IHOR YAKYMOVYCH^*,, PETER TEN DIJKE^*,, CARL-HENRIK HELDIN^* and SERHIY SOUCHELNYTSKYI^*2

^* Ludwig Institute for Cancer Research, Box 595, Uppsala, Sweden;
Institute of Biochemistry of National Academy of Sciences of Ukraine, Lviv, Ukraine;
Netherlands Cancer Institute, 1066CX, Amsterdam, Netherlands

²Correspondence: Ludwig Institute for Cancer Research, Box 595, Husargatan (str), 3, Biomedical Center, S-751 24, Uppsala, Sweden. E-mail: serhiy.souchelnytskyi{at}licr.uu.se

SPECIFIC AIMS

We investigate a mechanism through which Smad-dependent transforming growth factor beta (TGF-ß) signaling is modulated by protein kinase C (PKC). PKC directly phosphorylates receptor-regulated Smad proteins. It also abrogates the ability of Smad3 to bind directly to DNA, which leads to subsequent impairment of transcriptional responses dependent on the direct binding of Smad3 to DNA and to down-regulation of the growth inhibitory and pro-apoptotic action of TGF-ß.

PRINCIPAL FINDINGS

1. Receptor-regulated Smads are directly phosphorylated by PKC
We found that treating cells with the PKC activator phorbol 12-myristate 13-acetate (PMA) resulted in appearance of additional tryptic phosphopeptides in 2-dimensional maps of endogenous Smad3 and Smad2 from Mv1Lu cells, and in maps of Smad3, Smad2, and Smad1 overexpressed in Mv1Lu or COS-1 cells. The PKC-dependent phosphorylation was observed after only 5 min of treatment with PMA, and maximal effect was observed after 60 min. The appearance of these phosphopeptides was inhibited when cells were pretreated with the PKC inhibitors calphostin C or staurosporine, which act by blocking regulatory and catalytic subunits of PKC, respectively. No effect of the MEK-1 inhibitor, PD98059, on PMA-induced phosphorylation was observed. The PKC-induced phosphopeptides were also detected when purified Smad3 or Smad2 were phosphorylated directly in vitro by purified catalytic subunit of PKC. These data show that Smad3 and Smad2 are substrates of PMA-activated PKC.

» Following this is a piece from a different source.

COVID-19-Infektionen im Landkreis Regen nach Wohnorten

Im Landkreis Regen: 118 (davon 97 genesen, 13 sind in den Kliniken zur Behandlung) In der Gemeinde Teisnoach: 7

Phosphoamino acid analysis and Edman degradation of ³²P-labeled tryptic peptides suggested that Ser37 and Ser70 in Smad3 and Ser47 and Ser110 in Smad2 were phosphorylated by PKC. Phosphopeptide mapping of Smad2 and Smad3, with the respective serines mutated to alanine residues, confirmed that Ser37 and Ser70 in Smad3 and Ser47 and Ser110 in Smad2 are phosphorylation sites for activated PKC.

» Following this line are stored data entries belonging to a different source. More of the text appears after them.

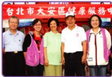
▲大安區健康中心主題宣導子宮頸癌免費篩檢，協助當天登記的民眾就近預約篩檢項目。
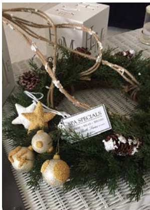
講習作品 ※作品サイズ Φ35cm

色々なものに貼り付けることができ、形も自由自在に作れる粘着力のある大好評ボールクレイ。今回はオーナメントの星やボールに貼り付けオリジナルのオーナメントを作ります。また、Rose Boxオリジナルのリースを使って大人可愛いクリスマスフライングリースを制作します。
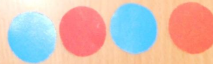
Пеналы для составления схемы слова.

2. Phospholipase C (PLC), but not phosphatidylinositol 3-kinase (PI3K) or MAP kinase, is involved in PKC-dependent phosphorylation of Smads
Stimulation of Mv1Lu cells with fetal bovine serum led to appearance of PKC-dependent phosphopeptides in maps derived from Smad3. Pretreatment of cells with the PLC inhibitor U73122 or with the PKC inhibitor calphostin C led to a decrease of the PKC-dependent phosphopeptides induced by serum, whereas inhibitors of phosphatidylinositol 3-kinase (LY294002) and MEK-1 (PD98059) did not block their appearance. Thus, the mitogen-induced activation of PLC followed by PKC activation leads to phosphorylation of the MH1 domain of Smad3.

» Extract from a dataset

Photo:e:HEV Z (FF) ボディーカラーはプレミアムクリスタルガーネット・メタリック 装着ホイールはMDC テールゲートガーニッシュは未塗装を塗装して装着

3. PKC-dependent phosphorylation abrogates direct DNA binding of Smad3
Based on the 3-dimensional structure of the MH1 domain of Smad3, both the PKC phosphorylatable serines are located on the surface that is facing DNA and phosphorylation of these sites, with introduction of negatively charged phosphogroups, which may affect the interaction with DNA (Fig. 1A ). To investigate this possibility, we prepared GST-fusion proteins of wild-type and serine mutants of Smad3. Constructs with deleted MH2 domains were used to unravel the DNA binding properties of the MH1 domain. We found that the introduction of negatively charged aspartic acid residues instead of Ser37 or Ser70 in GST-Smad3MH1 abrogated the DNA binding (Fig. 1B ). In accordance with this observation, the phosphorylation of purified wild-type GST-Smad3MH1 by the catalytic subunit of PKC strongly inhibited the DNA binding (Fig. 1C ).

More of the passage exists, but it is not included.